■ What is being asked ■
Nothing but the pictures may be left out. Restate the rest of the entries word for word.

■ Stored records ■
****************

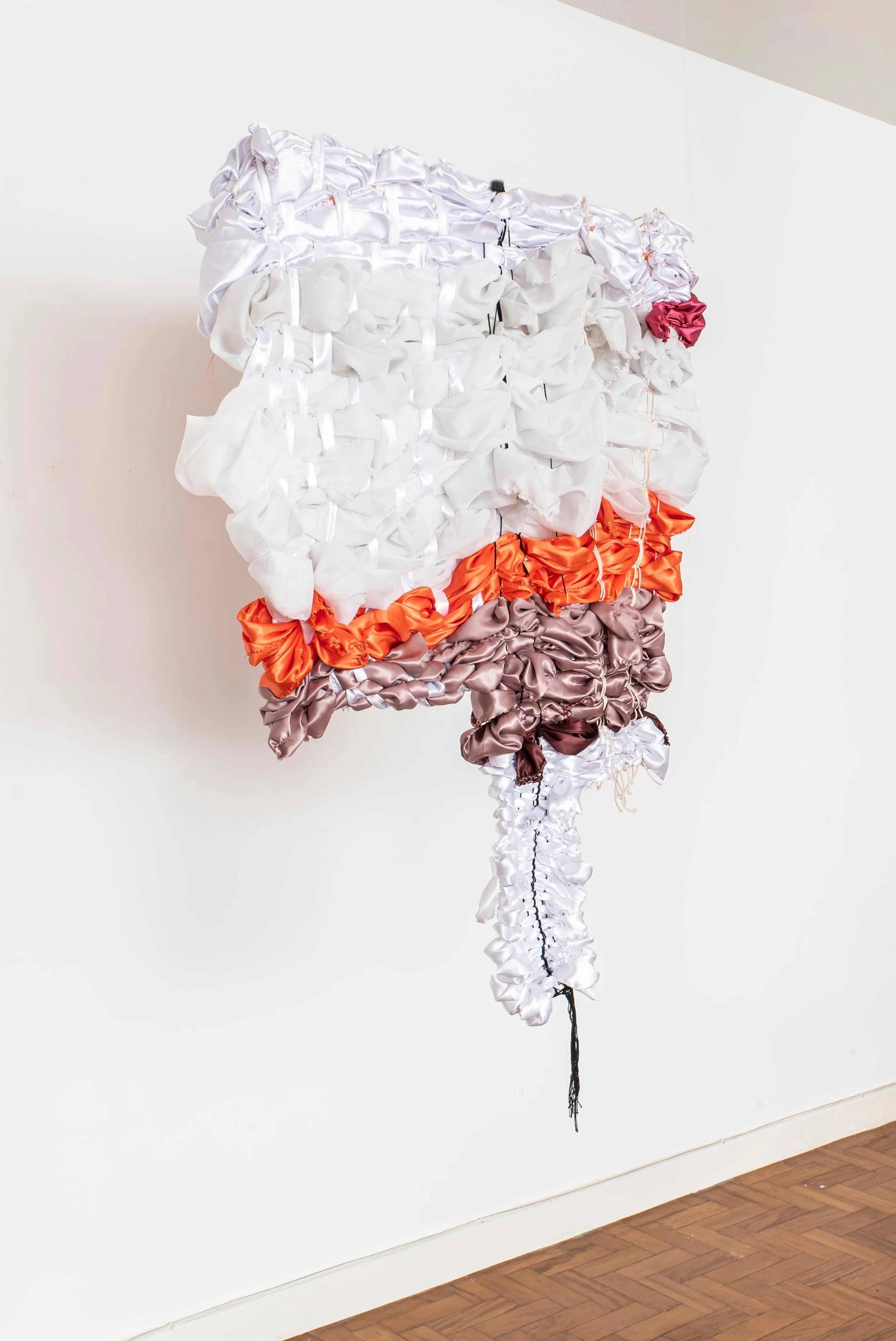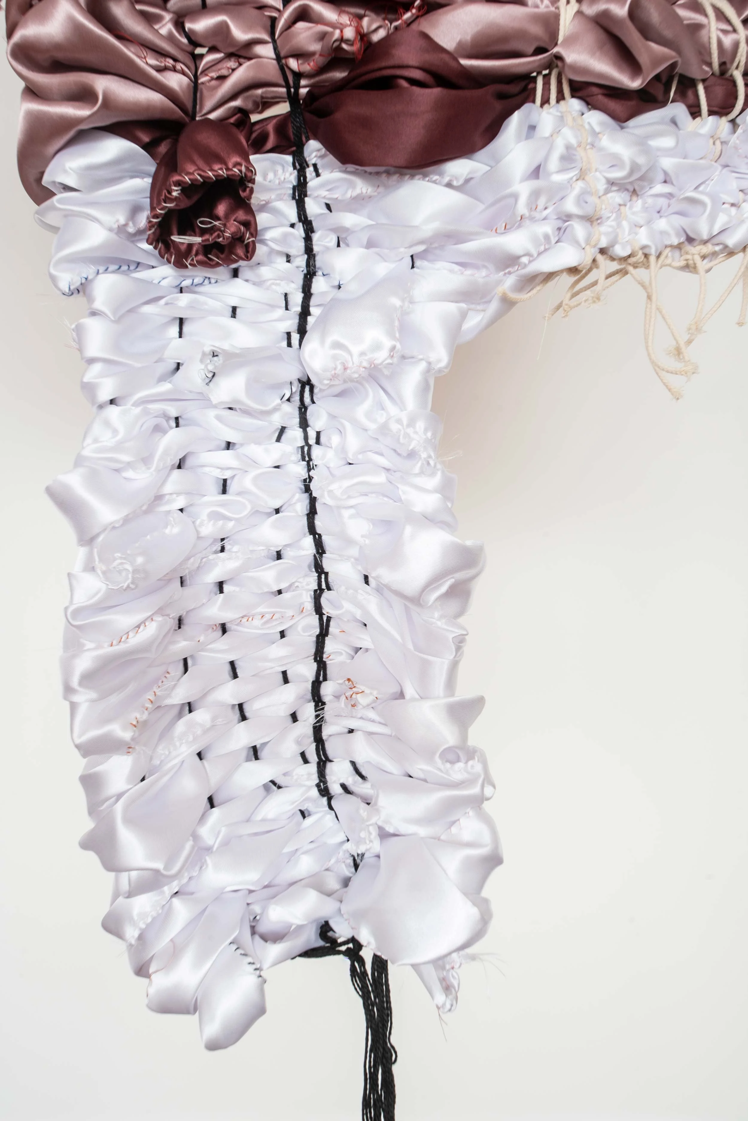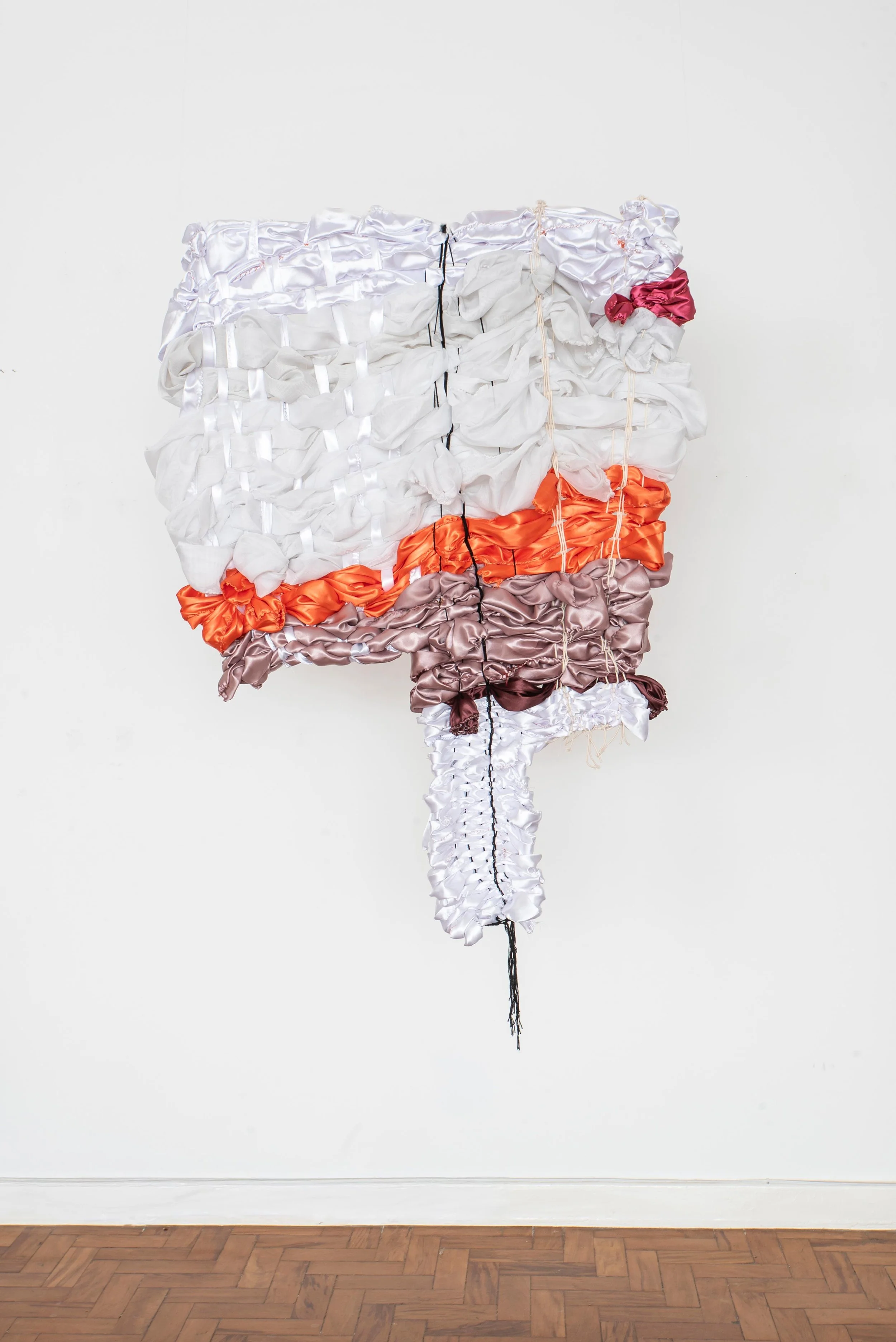 Fiteiro, 2026 . Urdumes em corda de algodão cru, fio de algodão e cetim com linha de costura, e tramas em cetim e voal com linhas costura, 140 x 84cm
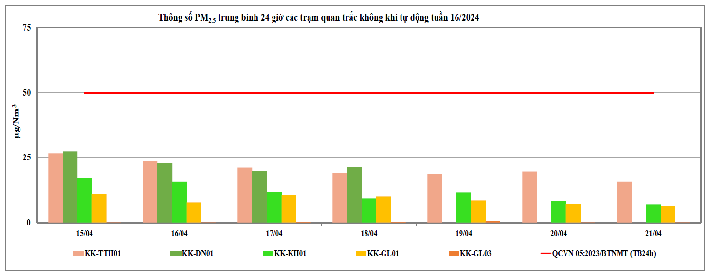 Căn cứ số liệu của 09 Trạm quan trắc tự động thuộc mạng lưới quan trắc môi trường quốc gia và địa phương tại khu vực miền Trung và Tây Nguyên do Trung tâm Quan trắc môi trường miền Trung và Tây Nguyên thực hiện từ ngày 15/04/2024 đến ngày 21/04/2024 (trong đó, 03 Trạm do Cục Kiểm soát ô nhiễm môi trường quản lý: Trạm 83 Hùng Vương - Thừa Thiên Huế (KK-TTH01), Trạm 41 Lê Duẩn - Đà Nẵng (KK-ĐN01), Trạm Vĩnh Hoà - Khánh Hoà (KK-KH01); 02 Trạm do Tổng cục Khí tượng thuỷ văn quản lý: Trạm Hoà Thuận Tây - Đà Nẵng (KK-ĐN02), Trạm Phù Đổng - Gia Lai (KK-GL04) quan trắc thông số bụi PM và 04 Trạm do địa phương quản lý: Trạm TTQT TN&MT - Tp. Pleiku (KK-GL01); Trạm UBND Thị Xã An Khê (KK-GL02); Trạm BQL KCN Trà Đa (KKGL03); Trạm Chư Sê (KK-GL5) thuộc tỉnh Gia Lai cho thấy chất lượng môi trường không khí tại khu vực miền Trung và Tây Nguyên tại các Trạm quan trắc thuộc khu vực miền Trung và Tây Nguyên dao động ở mức trung bình đến tốt (Tại thời điểm ngày 22/04, có 04/09 trạm có số liệu nhận được trên 80% theo quy định, cụ thể: Trạm 83 Hùng Vương - Thừa Thiên Huế (KK-TTH01), Trạm Vĩnh Hoà - Khánh Hoà (KK-KH01), Trạm TTQT TN&MT - Tp. Pleiku (KK-GL01) và Trạm BQL KCN Trà Đa (KK-GL03). Số liệu của Trạm 41 Lê Duẩn - Đà Nẵng (KK-ĐN01) tỉ lệ dữ liệu nhận được khoảng 66,50%. Các thông số đặc trưng trong môi trường không khí xung quanh như: NO2, CO và SO2 trong tuần nhỏ hơn giới hạn cho phép theo QCVN 05:2023/BTNMT (TB 24h)). Kết quả cụ thể chất lượng không khí tuần 16 năm 2024 thể hiện tại Biểu đồ 1 dưới đây.
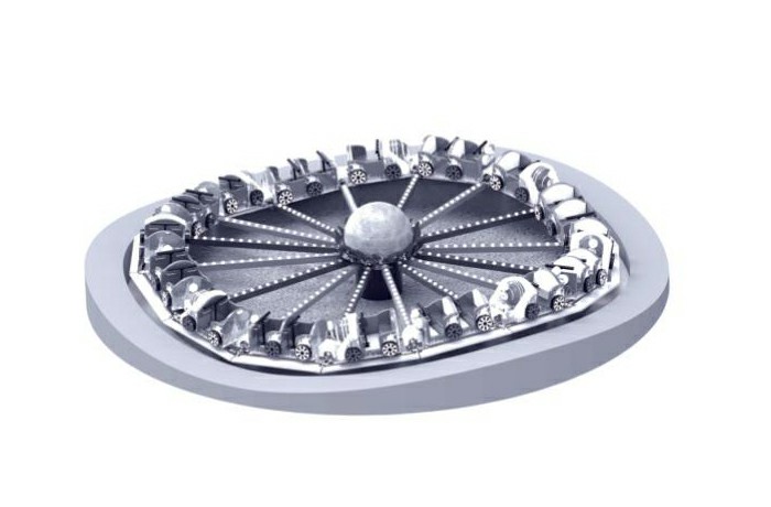 YKC-48B型烈焰戰(zhàn)車,以戰(zhàn)車追逐恒星為主題,中間支撐座裝有回轉(zhuǎn)支承連接16條轉(zhuǎn)臂。每條轉(zhuǎn)臂自帶行走輪,其中四條轉(zhuǎn)臂帶有驅(qū)動裝置,而16個座艙分別安裝在轉(zhuǎn)臂之間。轉(zhuǎn)臂行走輪下方布置有環(huán)形的起伏路軌,在轉(zhuǎn)臂驅(qū)動 裝置的驅(qū)動下,烈焰車體圍繞中心的恒星高低起伏轉(zhuǎn)動,座艙隨轉(zhuǎn)臂旋轉(zhuǎn)運動 的同時,并沿路軌上下運動,使乘客體驗多重復(fù)合旋轉(zhuǎn)運動帶來的樂趣。
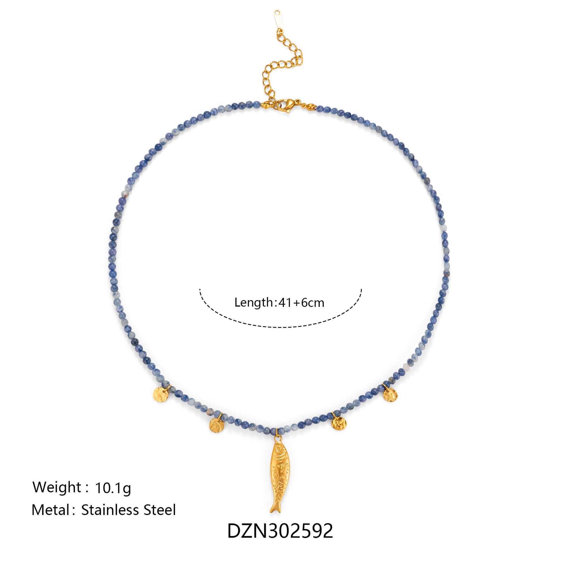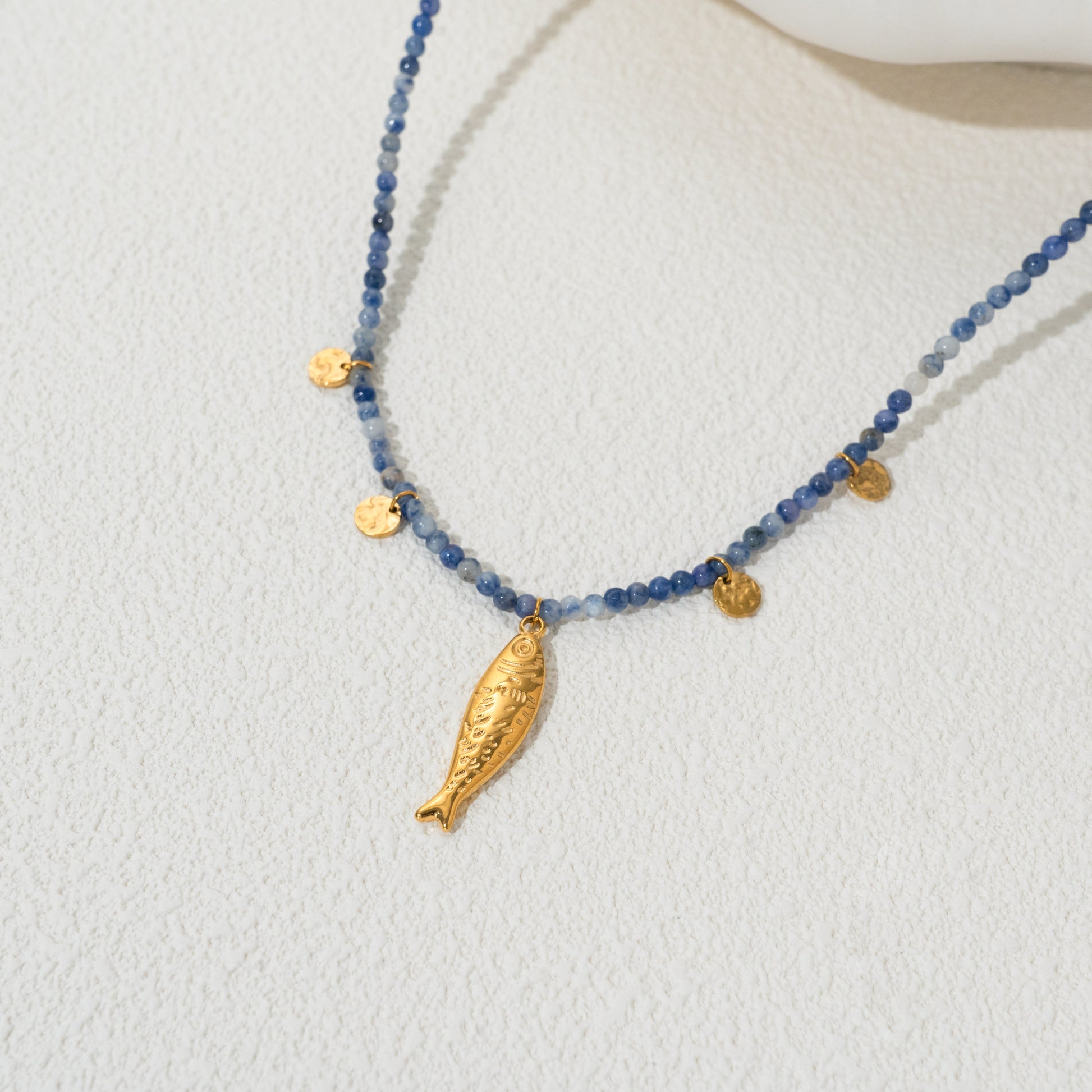 Elevate your everyday style with this stunning handmade necklace, where natural blue stone beads meet artisanal craftsmanship. Featuring a captivating golden fish pendant adorned with delicate chrysanthemum detailing, this boho-inspired piece brings effortless elegance to any outfit. The anti-tarnish chain ensures lasting beauty, while the natural stone beads add authentic texture and character. Perfect for those who appreciate unique, meaningful jewelry that tells a story. Wear it as a statement piece or layer it with other favorites for a personalized look that reflects your individual style.
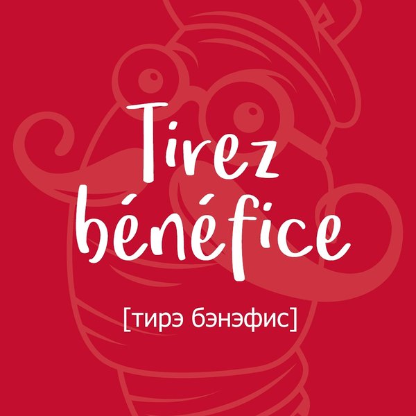 мотрите на картинку, вы увидите до боли знакомое слово “bénéfice”. В переводе с французского оно означает “прибыль”, “пользу” или даже “преимущество”. До английского языка это слово дошло почти в первозданном виде. Только вместо легкого и певучего слога “-ice”, англичане получили в пользование бескомпромиссную букву “t”. Так и родилось на свет слово “benefit”. Надеемся, что эта информация вам где-нибудь (ну хотя бы чуточку) пригодится. Иначе мы зря переводили вам эту фразу с картинки. ⠀ Пример использования: ⠀ — Зачем вы, Ульяна, готовите рис? Сидите, читайте, тирэ бэнэнфис. ⠀ ⠀
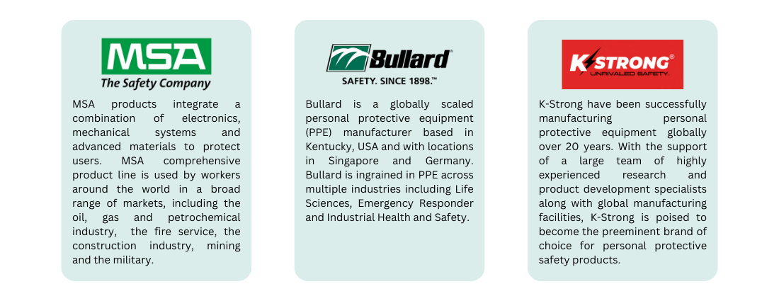 We are a distributor for a few internationally well-known brands including MSA, Bullard and K-Strong.
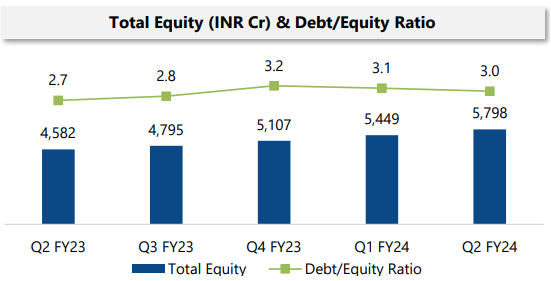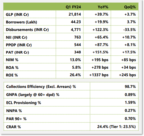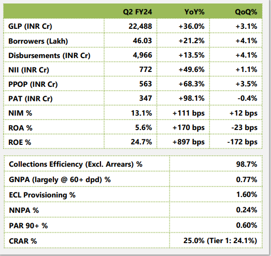 On the back of an improved income profile and a strong control on the cost of operations, our PAT grew by 98.1% YoY to INR 347 crore during Q2 FY24. This resulted in RoA of 5.6% and RoE of 24.7%.
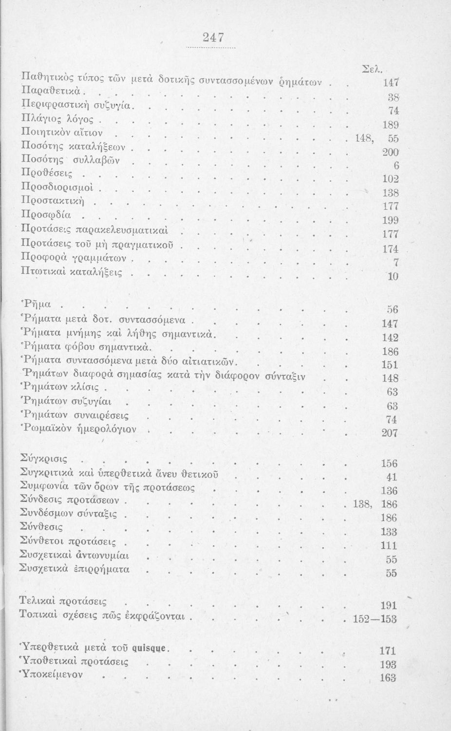 Γραμματικής της λατινικής γλώσσας για τα Ελληνικά Σχολεία και Γυμνάσια που περιέχει δύο τμήματα: το τεχνολογικό που εστιάζει στα μέρη του λόγου και το συντακτικό που ασχολείται με τις πτώσεις, τις εγκλίσεις, ...

****************

■ Task output ■
 Fiteiro, 2026 . Urdumes em corda de algodão cru, fio de algodão e cetim com linha de costura, e tramas em cetim e voal com linhas costura, 140 x 84cm
 Căn cứ số liệu của 09 Trạm quan trắc tự động thuộc mạng lưới quan trắc môi trường quốc gia và địa phương tại khu vực miền Trung và Tây Nguyên do Trung tâm Quan trắc môi trường miền Trung và Tây Nguyên thực hiện từ ngày 15/04/2024 đến ngày 21/04/2024 (trong đó, 03 Trạm do Cục Kiểm soát ô nhiễm môi trường quản lý: Trạm 83 Hùng Vương - Thừa Thiên Huế (KK-TTH01), Trạm 41 Lê Duẩn - Đà Nẵng (KK-ĐN01), Trạm Vĩnh Hoà - Khánh Hoà (KK-KH01); 02 Trạm do Tổng cục Khí tượng thuỷ văn quản lý: Trạm Hoà Thuận Tây - Đà Nẵng (KK-ĐN02), Trạm Phù Đổng - Gia Lai (KK-GL04) quan trắc thông số bụi PM và 04 Trạm do địa phương quản lý: Trạm TTQT TN&MT - Tp. Pleiku (KK-GL01); Trạm UBND Thị Xã An Khê (KK-GL02); Trạm BQL KCN Trà Đa (KKGL03); Trạm Chư Sê (KK-GL5) thuộc tỉnh Gia Lai cho thấy chất lượng môi trường không khí tại khu vực miền Trung và Tây Nguyên tại các Trạm quan trắc thuộc khu vực miền Trung và Tây Nguyên dao động ở mức trung bình đến tốt (Tại thời điểm ngày 22/04, có 04/09 trạm có số liệu nhận được trên 80% theo quy định, cụ thể: Trạm 83 Hùng Vương - Thừa Thiên Huế (KK-TTH01), Trạm Vĩnh Hoà - Khánh Hoà (KK-KH01), Trạm TTQT TN&MT - Tp. Pleiku (KK-GL01) và Trạm BQL KCN Trà Đa (KK-GL03). Số liệu của Trạm 41 Lê Duẩn - Đà Nẵng (KK-ĐN01) tỉ lệ dữ liệu nhận được khoảng 66,50%. Các thông số đặc trưng trong môi trường không khí xung quanh như: NO2, CO và SO2 trong tuần nhỏ hơn giới hạn cho phép theo QCVN 05:2023/BTNMT (TB 24h)). Kết quả cụ thể chất lượng không khí tuần 16 năm 2024 thể hiện tại Biểu đồ 1 dưới đây.
 YKC-48B型烈焰戰(zhàn)車,以戰(zhàn)車追逐恒星為主題,中間支撐座裝有回轉(zhuǎn)支承連接16條轉(zhuǎn)臂。每條轉(zhuǎn)臂自帶行走輪,其中四條轉(zhuǎn)臂帶有驅(qū)動裝置,而16個座艙分別安裝在轉(zhuǎn)臂之間。轉(zhuǎn)臂行走輪下方布置有環(huán)形的起伏路軌,在轉(zhuǎn)臂驅(qū)動 裝置的驅(qū)動下,烈焰車體圍繞中心的恒星高低起伏轉(zhuǎn)動,座艙隨轉(zhuǎn)臂旋轉(zhuǎn)運動 的同時,并沿路軌上下運動,使乘客體驗多重復(fù)合旋轉(zhuǎn)運動帶來的樂趣。
 Elevate your everyday style with this stunning handmade necklace, where natural blue stone beads meet artisanal craftsmanship. Featuring a captivating golden fish pendant adorned with delicate chrysanthemum detailing, this boho-inspired piece brings effortless elegance to any outfit. The anti-tarnish chain ensures lasting beauty, while the natural stone beads add authentic texture and character. Perfect for those who appreciate unique, meaningful jewelry that tells a story. Wear it as a statement piece or layer it with other favorites for a personalized look that reflects your individual style.
 мотрите на картинку, вы увидите до боли знакомое слово “bénéfice”. В переводе с французского оно означает “прибыль”, “пользу” или даже “преимущество”. До английского языка это слово дошло почти в первозданном виде. Только вместо легкого и певучего слога “-ice”, англичане получили в пользование бескомпромиссную букву “t”. Так и родилось на свет слово “benefit”. Надеемся, что эта информация вам где-нибудь (ну хотя бы чуточку) пригодится. Иначе мы зря переводили вам эту фразу с картинки. ⠀ Пример использования: ⠀ — Зачем вы, Ульяна, готовите рис? Сидите, читайте, тирэ бэнэнфис. ⠀ ⠀
 We are a distributor for a few internationally well-known brands including MSA, Bullard and K-Strong.
 On the back of an improved income profile and a strong control on the cost of operations, our PAT grew by 98.1% YoY to INR 347 crore during Q2 FY24. This resulted in RoA of 5.6% and RoE of 24.7%.
 Γραμματικής της λατινικής γλώσσας για τα Ελληνικά Σχολεία και Γυμνάσια που περιέχει δύο τμήματα: το τεχνολογικό που εστιάζει στα μέρη του λόγου και το συντακτικό που ασχολείται με τις πτώσεις, τις εγκλίσεις, ...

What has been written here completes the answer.